Saludos, hámsters del capitalismo. Hoy, además de la mordaza, vamos a intentar quitarnos la venda de los ojos.

Artículo publicado en eldiario.es

Pobreza en España

Tarde de octubre en Murcia capital. Tenía que hacer tiempo y ya me había dado un largo paseo, así que me senté en la terraza de una heladería.
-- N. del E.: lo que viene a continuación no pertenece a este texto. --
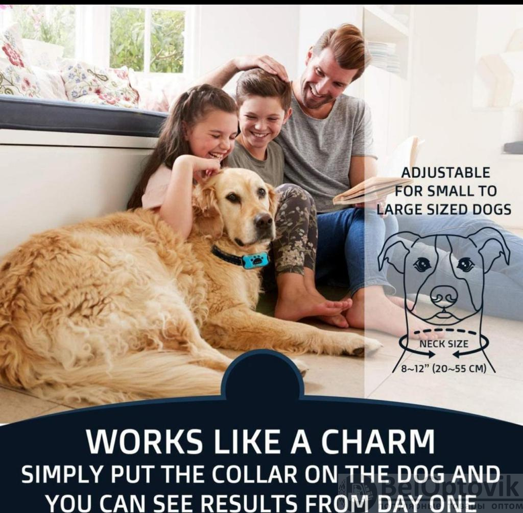 Данный ошейник против лая гуманный и безопасный, без режима удара электротоком, эффективно отучает питомца лаять с помощью звука и вибрации. Не причиняет боли и беспокойства. Прибор легко настраивается под характер и размер вашей собаки. Может использоваться даже когда собака остается дома одна. Имеет 7 уровней чувствительности и 3 режима воздействия: ультразвук, вибрация, ультразвук + вибрация. С каждым следующим лаем длительность сигналов увеличивается. Длина ошейника регулируется от 12 до 56 см, ошейник подходит для собак любых пород и размеров. Собаки быстро учатся - как только понимают, что могут избежать раздражающего писка и жужжания, они перестают лаять. Ошейник не требует замены батареек, работает на перезаряжаемом встроенном литиевом аккумуляторе, который держит заряд около 20 дней. Водонепроницаемый корпус защищен от дождя, снега, брызг воды, однако во время купания собаки ошейник лучше снимать. Режимы работы выбираются соответствующими кнопками управления и выбранный режим отображается с помощью светодиодной индикации.

Pasear por la ciudad no me acaba de gustar. Acostumbrado a caminar por sitios solitarios, no me hago a cruzarme continuamente con tanta gente, así no hay manera de que la cabeza se suelte, demasiados estímulos sonoros y visuales.

Hay otra cosa que no me agrada de la ciudad, y es ver a tantas personas pidiendo. No me molesta que pidan, sólo faltaba (hay a quien sí), lo que me agobia es el aldabonazo en la conciencia. En el paseo por Murcia pude coincidir perfectamente con cinco o seis mendigos. Soy de pueblo, nunca he vivido en grandes núcleos urbanos, y donde he residido no había indigentes, como se dice ahora (jamás escribiré «sin techo», ese eufemismo, burda copia del homeless anglosajón). Ya de pequeño me afectaba mucho encontrarme con ellos cuando mis padres me llevaban a la ciudad, y cada vez que voy a cualquiera de ellas me recibe un bofetón de realidad, como si alguien me diera un puñetazo con la palabra «capitalismo» tatuada en los nudillos. Sin embargo, la gente de ciudad parece estar anestesiada, y no os juzgo: supongo que si viviera allí, a mí me pasaría lo mismo.